Sabtu, 30 Mei 2020

Hamil dan Melahirkan di Jerman (Part 3) Momok Bayi Besar dan Drama Menjelang Persalinan

Anak pertama saya, Nabig, dulu lahir dengan berat awal 3,5 kg. Terhitung besar untuk ibu dengan postur seperti saya. Sedari awal kehamilan kedua, saya berikhtiyar “membatasi” pertumbuhan berat si jabang bayi. “cukup 2,8 kg saja ya nak…! nanti besarnya kalau sudah keluar dari perut Bunda saja…!” begitulah yang sering saya bisikkan ke dia. Melahirkan bayi secara normal dengan proses episiotomi (pengguntingan) yang sering saya dengar ceritanya dalam proses lahiran di tanah air membuat kehawatiran yang mendalam dalam diri saya. Meskipun saya diberitahu kalau praktik episiotomi tidak lumrah di Jerman. Tetap saja bayangan gunting di daerah kewanitaan membuat saya merinding.

Karenanya sejak semula, saya memberlakukan pola makan sehat minim karbohidrat. Nasi sebisa mungkin kami jadikan kudapan hanya untuk makan siang. Sementara untuk makan pagi dan malam, asupan protein hewani dan Nabati saya perbanyak. Mulai dari sayuran mentah, buah-buahan, olahan susu, dan daging-dagingan. Cemilan ringan (seperti Chips) keluar secara otomatis dari daftar belanja mingguan. Hingga awal Maret, strategi kami berfungsi dengan baik. Berat badan si jabang bayi ada pada ambang sehat dan tidak menunjukkan tanda-tanda “membesar” berlebihan.

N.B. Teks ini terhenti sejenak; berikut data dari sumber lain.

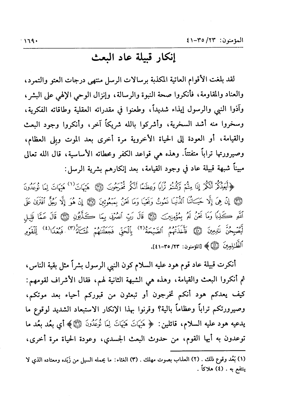 لقد بلغت الأقوام العاتية المكذبة برسالات الرسل منتهى درجات العتو والتمرد، والعناد والمقاومة، فأنكروا صحة النبوة والرسالة، وإنزال الوحي الإلهي على البشر، وآذوا النبي والرسول إيذاء شديدا، وطعنوا في مقدراته العقلية وطاقاته الفكرية، وسخروا منه أشد السخرية، وأشركوا بالله شريكا آخر، وأنكروا وجود البعث والقيامة، أو العودة إلى الحياة الأخروية مرة أخرى بعد الموت وبلى العظام، وصيرورتها ترابا متفتتا. وهذه هي قواعد الكفر ومحطاته الأساسية، قال الله تعالى مبينا شبهة قبيلة عاد في وجود القيامة، بعد إنكارهم بشرية الرسل:

Namun, semua usaha saya gagal total saat Kanselir Jerman mengumumkan Lockdown sebagai respon atas pandemi Covid-19. Terhitung mulai akhir maret, larangan keluar rumah diberlakukan. Pertokoan, perkantoran dan persekolahan ditutup hingga waktu yang tidak ditentukan. Apa dampaknya bagi program diet saya?

Pada minggu pertama pemberlakuan Lockdown, panic-buying terjadi di seantero Jerman, termasuk Freiburg. Setiap berbelanja mingguan, suami saya sampai harus membawa tiga tas sekaligus: satu keranjang tarik di sebelah kanan, satu tas belanja di sebelah kiri dan sebuah ransel nangkring di punggung.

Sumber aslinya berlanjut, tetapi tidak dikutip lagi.